Please remember that this graph assumes that your processors are utilized at 100% average prime shift utilization rates.  This is obviously impossible – a much more likely UNIX average prime shift utilization rate is 65% while analysts and customer studies have shown that a typical database average prime shift utilization rate in a consolidated Intel environment is roughly 50%.  Please also remember that this graph makes certain assumptions about CPU clock speeds within each processor family and the amount of RAM accessed and does not represent the entire range of CPU clock speeds and RAM combinations you can choose.

Cost Section

For the following cost categories, please note that subcategory costs may appear even though you may have left the corresponding category unchecked when you selected your desired cost summary.  The costs listed below represent what your costs would be had you selected the option.  You may refer to the table on page 4 of this report to view which categories you selected. 

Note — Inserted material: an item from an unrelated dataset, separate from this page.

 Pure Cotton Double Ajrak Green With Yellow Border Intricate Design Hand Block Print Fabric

Current Server Environment

One of the simplest ways to determine server needs is to complete an inventory or assessment of what is currently deployed.  Table 11 lists the servers in use and their respective average utilization rates.  This current server environment will form the base of your costs for your Current Environment and will have a very large impact on your costs if you choose not to consolidate.

Table 11: Hardware Assessment

Microsoft Windows Server 2003 Performance

If you are consolidating your server environment using Microsoft Windows Server 2003 Standard, Enterprise, or Datacenter Edition you should take note of a number of server performance improvements that can affect your overall server requirements and total cost of ownership.  Unlike client-communication related benefits, these server benefits apply irregardless of whether your clients are using Windows 2000, Windows XP, or even Windows 98 or Windows 95.  There are five key performance benefits that CIOview has chosen to include in its TCO model.  You may find that there are other important performance benefits relating to network traffic and directory replication that apply to your unique situation, but you should manually adjust your server requirements to account for these benefits.

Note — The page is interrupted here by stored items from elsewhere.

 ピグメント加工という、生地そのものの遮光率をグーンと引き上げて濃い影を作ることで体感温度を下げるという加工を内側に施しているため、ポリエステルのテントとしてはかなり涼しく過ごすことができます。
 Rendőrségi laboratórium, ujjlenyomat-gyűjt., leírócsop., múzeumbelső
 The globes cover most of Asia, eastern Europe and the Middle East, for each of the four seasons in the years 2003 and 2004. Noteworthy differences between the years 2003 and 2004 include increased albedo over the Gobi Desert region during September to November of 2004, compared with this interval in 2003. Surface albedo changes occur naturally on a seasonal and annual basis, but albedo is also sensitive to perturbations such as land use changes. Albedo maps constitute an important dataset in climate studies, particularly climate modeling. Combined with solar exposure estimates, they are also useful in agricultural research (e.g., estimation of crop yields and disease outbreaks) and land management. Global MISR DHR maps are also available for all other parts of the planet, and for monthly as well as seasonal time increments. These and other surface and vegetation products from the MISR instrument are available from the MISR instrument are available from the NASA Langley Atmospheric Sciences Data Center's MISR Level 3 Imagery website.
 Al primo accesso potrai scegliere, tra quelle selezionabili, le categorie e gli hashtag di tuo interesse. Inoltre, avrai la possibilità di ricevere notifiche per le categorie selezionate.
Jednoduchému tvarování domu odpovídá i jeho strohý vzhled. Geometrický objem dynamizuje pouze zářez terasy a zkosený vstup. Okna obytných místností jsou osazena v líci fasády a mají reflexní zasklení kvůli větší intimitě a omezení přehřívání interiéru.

The five major server performance benefits delivered by Windows Server 2003 are highlighted in the table below and explained on the next few pages.  You can click on any of the five hyperlinks to be taken directly to an explanation of the appropriate performance improvement:

Improved Scheduling

Typically one of the largest brakes on performance in a database environment is not your actual CPU processing capability or even other hardware such as memory or disk dependencies.  Instead, the threading and scheduling technology used to handle multiple concurrent requests such as log-ins, system processes, libraries, and data manipulation can greatly affect performance since all the parallel processing capability in the world is useless if the requests cannot be distributed to your CPUs at the same time.

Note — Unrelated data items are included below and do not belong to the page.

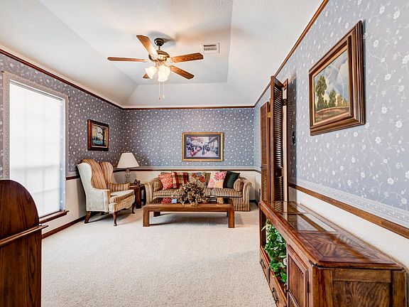 Gorgeous 1 story, 4 /2 ranch in Terranova West with brand NEW ROOF and transferable warranty! Set on a well-appointed cul de sac lot with mature trees and a peaceful brick front porch, the pride of ownership shines through in this well-maintained home. Beautifully decorated foyer opens to the home office/ formal living at the front. Spacious main living set up for entertaining- wood look tile floors, vaulted ceiling, built in cabinetry, gas fireplace, wet wine bar, and wall of windows. Kitchen complete with granite countertops, modern back splash and freshly painted cabinetry opens to attached breakfast and utility rooms. On the other side of the home, 4 oversized beds with a recently replaced carpet and generous closets. Primary bed at the back of the home with attached bath, dual sinks, soaking tub, storage cabinetry, dual closets and access door to covered back patio. Fenced back yard, detached garage, sprinkler system, recent paint and upgraded HVAC. Schedule your tour today!
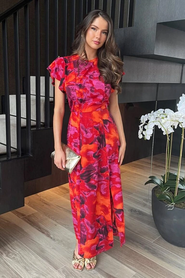 AX Paris Orange And Purple Abstract Print Flutter Sleeve Midi Dress
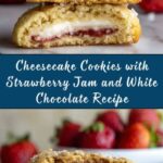 Decadent cheesecake cookies filled with creamy strawberry jam and cream cheese, enhanced with a touch of white chocolate. These delightful cookies feature a soft, buttery dough combined with graham cracker crumbs and are perfect for an elegant dessert or a special treat.
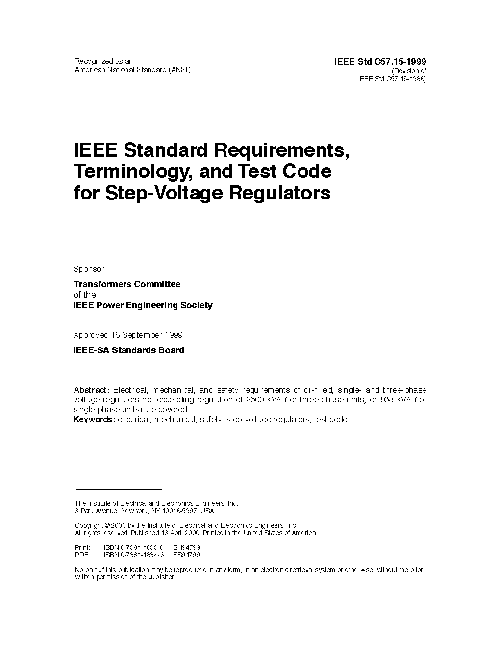 This document describes electrical, mechanical and test requirements of liquid-immersed, single- and three-phase, 50 Hz and 60 Hz, self and forced-air cooled, distribution, overhead and substation, step-voltage regulators, 1 000 kVA (single-phase units) or 3 000 kVA (threephase units) and smaller, 34 500 volts and below (2 400 V minimum) and their associated controls.
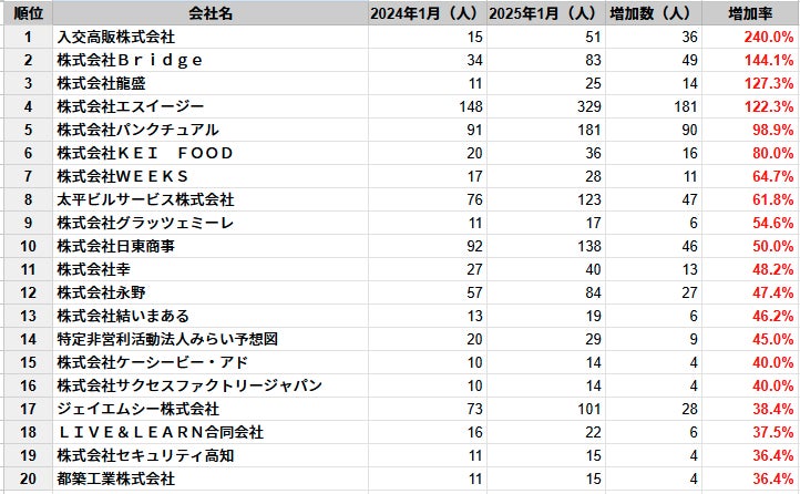 ・2024年1月時点と2025年1月時点の従業員数を比較
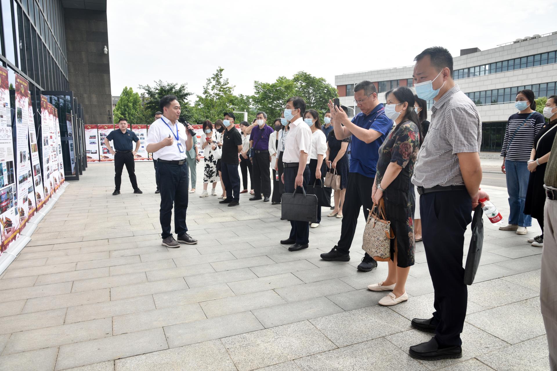 与会人员集体参观以英雄榜样人物命名的全国党建工作样板支部成果展板及环境学院党建“双创”工作成果展板,李素矿介绍了以英雄榜样人物命名的全国党建工作样板支部基本概况和建设成果,重点讲解了环境学院基本概况、党建工作体系、三全育人改革、跨学科教育研究、张国旗班行动计划、“4+N”美丽中国课程思政、“1+6”党建资政育人载体、兄弟院校交流互鉴、领导关怀指导和社会媒体反响等十个方面,全面反映了学院党委近年来党建示范创建和质量创优工作取得的创新性理论成果、制度成果、实践成果和特色成果,是环境人干事创业、追求卓越的汗水结晶。
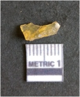 | Description / विवरण | The chalcedony flake is pale in color and translucent in appearance. The piece has s harp flaked ends and a bulbous end due to flaking. The flake has a crypto-crystalline silica matrix. |
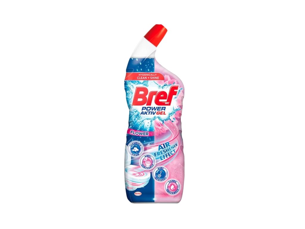 | Preparation and usage: | Use: The practical bottle for better handling with a long rounded neck simplifies cleaning under the rim of your toilet. Simply apply the gel under the rim, let it work (for a thorough removal of large deposits and dirt, leave it to work for 30 minutes), use a toilet brush to remove any remaining dirt and then flush. Avoid splashing the toilet seat, floor or other sensitive surfaces. For perfect cleanliness and freshness of your toilet, use Bref Power Aktiv Gel at least once a week in combination with Bref toilet blocks for daily care. Child-resistant closure: Opening: press the lid on both sides and turn to the left. Closing: Turn gently until it clicks. Use: Apply the cleaner directly under the rim of the toilet bowl. To remove stubborn deposits and dirt, leave it to work for 30 minutes. To remove heavy deposits, use a toilet brush. If spilled on toilet seats, floors or acid-sensitive surfaces, rinse immediately with plenty of water to prevent damage or discoloration. |
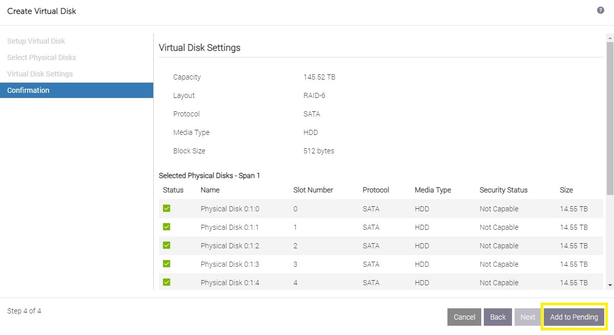 - Select all 12 the physical disks numbered 0 - 11 by checking the boxes on the left of each disk, you will need to scroll to the bottom to select them all, then click "Next", review the settings on the next page, then "Next" again.

Improvements in the Windows Server scheduling and threading implementation have the potential to increase your database performance by 10% to 15%.  If you consolidate using Microsoft Windows Server 2003, TCOnow! will automatically adjust your database performance upwards by 10% to account for better threading and scheduling capabilities in the Windows operating system.

Hyper-threading Awareness

Intel's newer 32-bit Xeon processors are equipped with a resource optimization technology called hyperthreading.  Hyperthreading allows each Intel Xeon processor to create two synthetic logical processors.  Each of the two logical processors can accept requests or pass on data but must share the same physical CPU resources.  While this may not seem like much since the physical resources are no greater, tests have shown that using hyperthreading can allow one logical processor to carry out CPU-intense work on the physical CPU while the other processor handles memory and I/O management and other "garbage collection" using free resources.  Hyper-threading can potentially increase performance by 10% to 30% depending on how multi-threaded your application is but will typically improve Intel 32-bit Xeon performance by 15%.

Microsoft Windows NT 4.0 is not hyperthreading compatible at all since it was developed long before hyperthreading existed.  Microsoft Windows 2000 is "hyperthreading-compatible" but not "hyperthreading-aware."  This means that although Microsoft Windows 2000 can use both logical processors associated with a physical processors, it has no way of differentiating between a physical and logical processor.  So if you have a 4-CPU server running Windows 2000 Standard Server Windows 2000 will activate the first four processors its sees - if you try to take advantage of hyperthreading then Windows 2000 will active your first four logical processors which are likely to be on only 2 physical processors and not end up using the rest of the server.  The same sort of difficulty arises when Windows 2000 has to determine which processor to send work to - it may send a request to a logical processor that does not have free resources instead of a logical processor associated with a free physical processor.  For these reasons, Microsoft Windows 2000 is effectively not able to take advantage of hyperthreading's performance capabilities.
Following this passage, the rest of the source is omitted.